YOUR OBJECTIVE:
Copy the listing below in full and skip every picture.
══ DATA SEGMENT
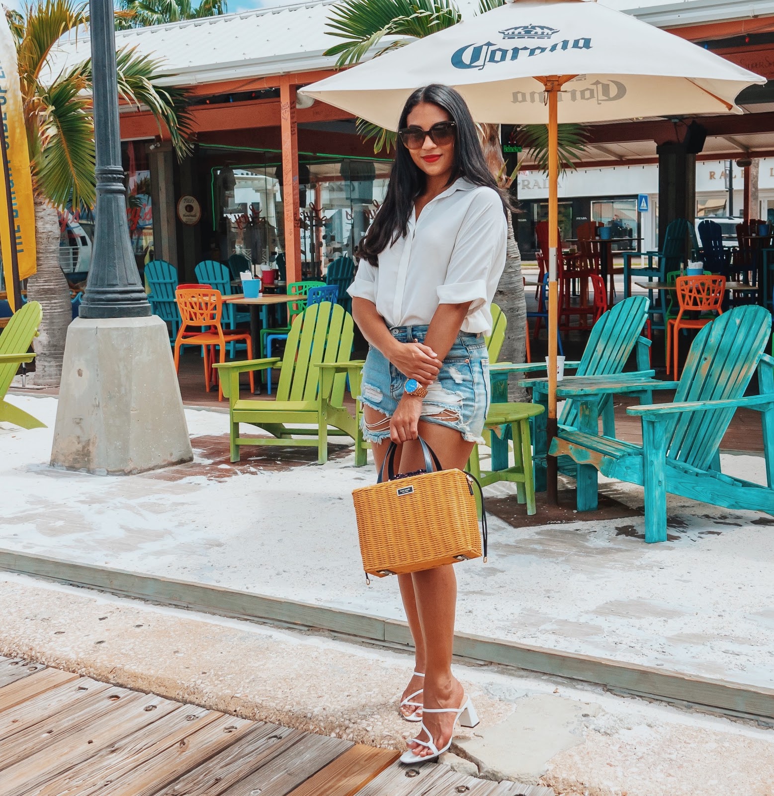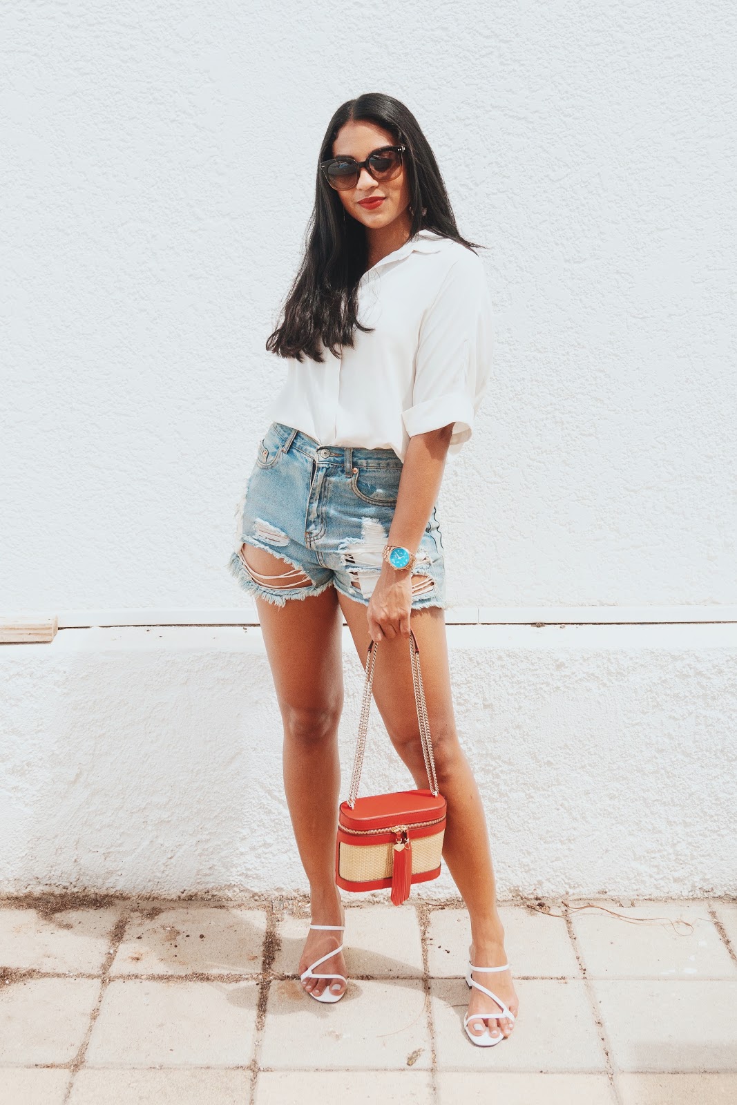 This look I put together is combining the classics. I recently purchased these white sandals and haven't stopped wearing them since. Not gonna lie, they are a teeny tiny but uncomfortable so I'm still in the "breaking-in" process. I did one look with two bags for versatility!
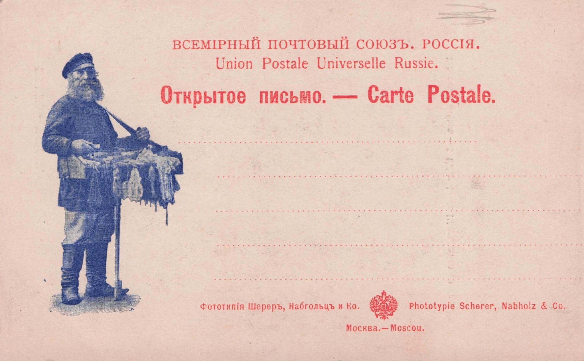 NP162 Antique postcard which on other side has amazing historic view from Moscow with message from sender and bar lightly aged (& very light surface corner impressions from former album storage) in excellent condition.
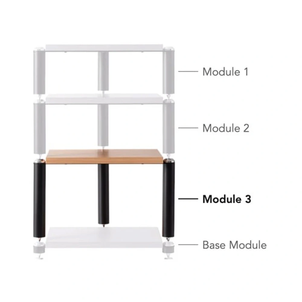 The Copenhagen Module 3 unit with a useful height of 363 mm is perfect for installing amplifiers or other compact Hi-Fi equipment. Its premium design combines a sturdy metal construction for extra stability, and an oak tabletop for a natural and elegant look. It comes with spikes and counter spikes to limit vibration and ensure optimal listening experience.
════
RESPONSE TO THIS TASK:
 This look I put together is combining the classics. I recently purchased these white sandals and haven't stopped wearing them since. Not gonna lie, they are a teeny tiny but uncomfortable so I'm still in the "breaking-in" process. I did one look with two bags for versatility!
 NP162 Antique postcard which on other side has amazing historic view from Moscow with message from sender and bar lightly aged (& very light surface corner impressions from former album storage) in excellent condition.
 The Copenhagen Module 3 unit with a useful height of 363 mm is perfect for installing amplifiers or other compact Hi-Fi equipment. Its premium design combines a sturdy metal construction for extra stability, and an oak tabletop for a natural and elegant look. It comes with spikes and counter spikes to limit vibration and ensure optimal listening experience.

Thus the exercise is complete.